##### DATASET SECTION

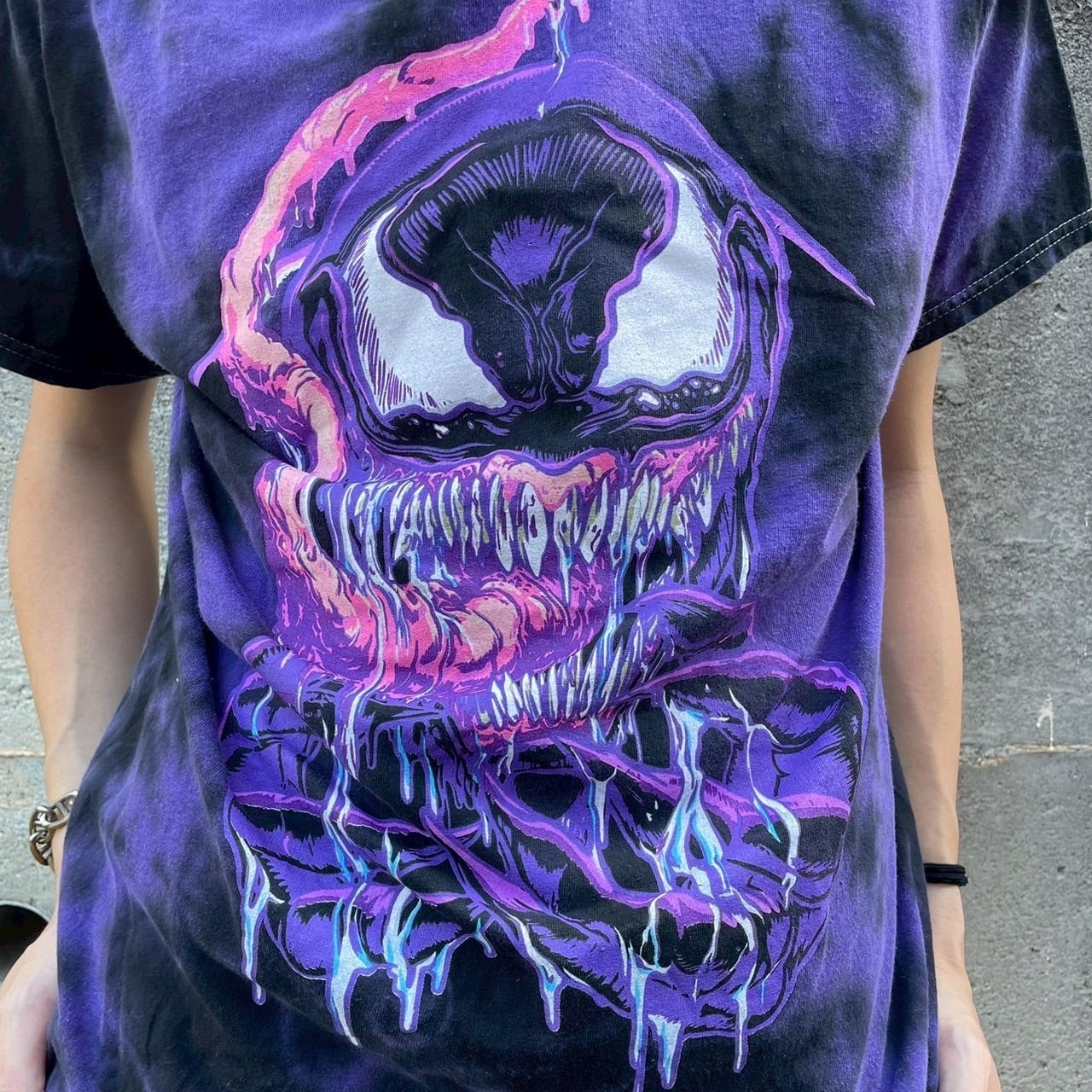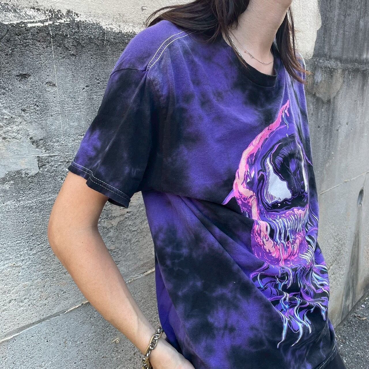 パープルとブラックをベースにしたタイダイ染めのボディに、迫力あるヴェノムの表情と鮮烈なピンクの舌が映えるデザイン。
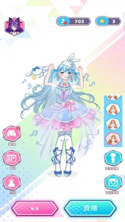 2、通过直播和社交功能与其他玩家互动,这样可以获取更多的资源和灵感,尤其是查看其他人的直播形象可以获取丰富的灵感。
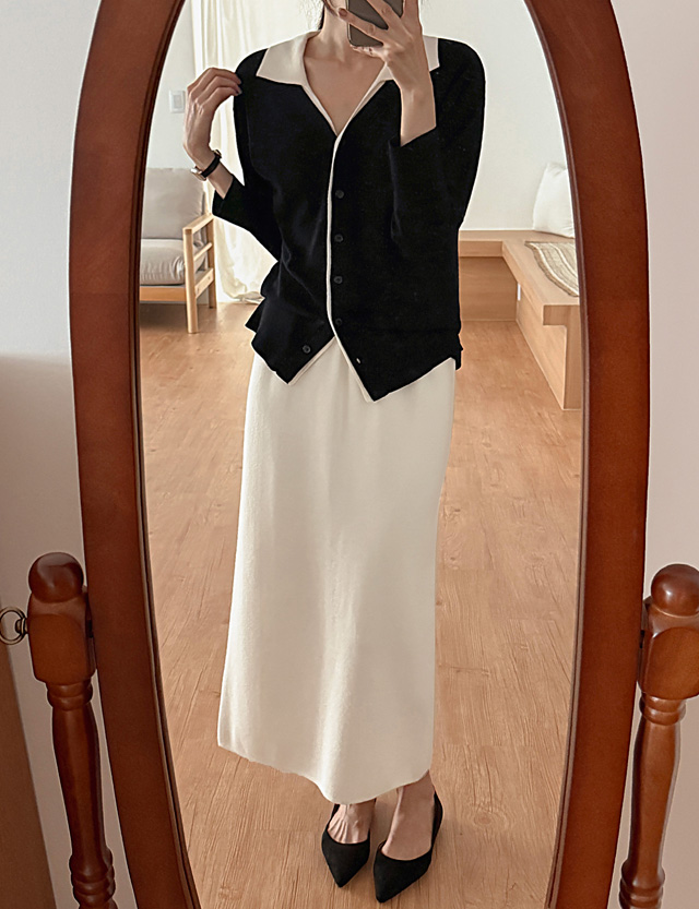 • [2가지기장]버터링 ゴム Hライン スリット ニット スカート 83824
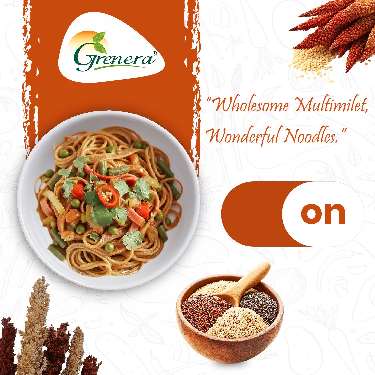 SUGGESTED USE: Boil 1.5 litre water for 5 to 6 minutes. Add 200g Grenera multi millet noodles and a spoon of oil and boil for further 6 minutes. Filter excess water in boiled noodles and add cold water to it. Ten drain the water. Add oil in a hot pan and fry the chopped onions, capsicum carrot and beans. Add noodles masala and salute on medium flame. Then add boiled grenera noodles along with it and salute well. If necessary as a required amount of salt.

##########

■ YOUR INSTRUCTIONS ■
While skipping the pictures, transcribe the data above from the line showing "2、通过直播和社交功能与其他" through the line showing "ニット スカート 83824", exactly and with both ends.

■ RESPONSE ■
 2、通过直播和社交功能与其他玩家互动,这样可以获取更多的资源和灵感,尤其是查看其他人的直播形象可以获取丰富的灵感。
 • [2가지기장]버터링 ゴム Hライン スリット ニット スカート 83824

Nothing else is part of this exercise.